Is it possible to take advantage of the quantization while using a separate fork?

petiatil commented 1 year ago

For instance:

The following appears to work with a separate fork (which I need for its own augmentations), but is it taking advantage of the quantization?

For a large file, I could only test the quantized model, as it the other fork appears to have an error transcribing.

If the following doesn't work, is there a direct way to do it?

model_fp32 = **randomWhisperFork**.load_model(
    name="small.en",
    device="cpu"
#   ,in_memory=True
)

quantized_model = torch.quantization.quantize_dynamic(
    model_fp32, {torch.nn.Linear}, dtype=torch.qint8
)

result = quantized_model.transcribe(audio_file_path)
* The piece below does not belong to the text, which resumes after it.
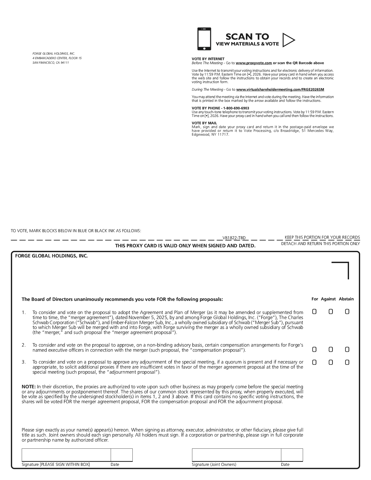 Unless otherwise indicated or as the context otherwise requires, all references to “Forge,” the “Company,” “we,” “us,” or “our” in this proxy statement refer to Forge Global Holdings, Inc., a Delaware corporation; all references to “Schwab” refer to The Charles Schwab Corporation, a Delaware corporation; all references to “Merger Sub” refer to Ember-Falcon Merger Sub, Inc., a Delaware corporation and a wholly owned subsidiary of Schwab formed for the sole purpose of effecting the merger; all references to the “Special Committee” refer to the special committee formed by the Board and comprised solely of independent and disinterested directors; all references to “common stock” refer to the common stock, par value $0.0001, of Forge; all references to the “Board” refer to the board of directors of Forge; all references to the “merger” refer to the proposed merger of Merger Sub with and into Forge, with Forge surviving as a wholly owned subsidiary of Schwab; all references to the “merger agreement” refer to the Agreement and Plan of Merger, dated as of November 5, 2025, as it may be amended from time to time, by and among Forge, Schwab and Merger Sub, a copy of which is included as Annex A to this proxy statement; and all references to the support agreements collectively refer to (i) that certain support agreement, dated as of November 5, 2025 among Schwab and Motive Capital Fund I-A, LP, Motive Capital Fund I-B, LP, Motive Capital Fund I-MPF, LP, MCF2 FG Aggregator, LLC and Motive Capital Funds Sponsor, LLC (the “Motive Entities” and such support agreement, the “Motive support agreement”), a copy of which is included as Annex B to this proxy statement and (ii) that certain support agreement, dated as of November 5, 2025 between Schwab and Deutsche Börse AG (“DB” and such support agreement, the “DB support agreement”), a copy of which is included as Annex C to this proxy statement. Forge, following the completion of the merger, is sometimes referred to in this proxy statement as the “surviving corporation.”

MiscellaneousStuff commented 1 year ago

Hello there. As long as your fork of the original “whisper” repo from OpenAI has the Linear() layers replaced with nn.Linear() layers such as in https://github.com/MiscellaneousStuff/whisper/blob/main/whisper/model.py it will work. That is the only change required to get quantisation to work and then your code snippet provided will work. This repo (openai-whisper-cpu) is not required at all to get quantisation to work, it only provides an example with benchmarks.

baxcster commented 6 months ago

Hello there. As long as your fork of the original “whisper” repo from OpenAI has the Linear() layers replaced with nn.Linear() layers such as in https://github.com/MiscellaneousStuff/whisper/blob/main/whisper/model.py it will work. That is the only change required to get quantisation to work and then your code snippet provided will work. This repo (openai-whisper-cpu) is not required at all to get quantisation to work, it only provides an example with benchmarks.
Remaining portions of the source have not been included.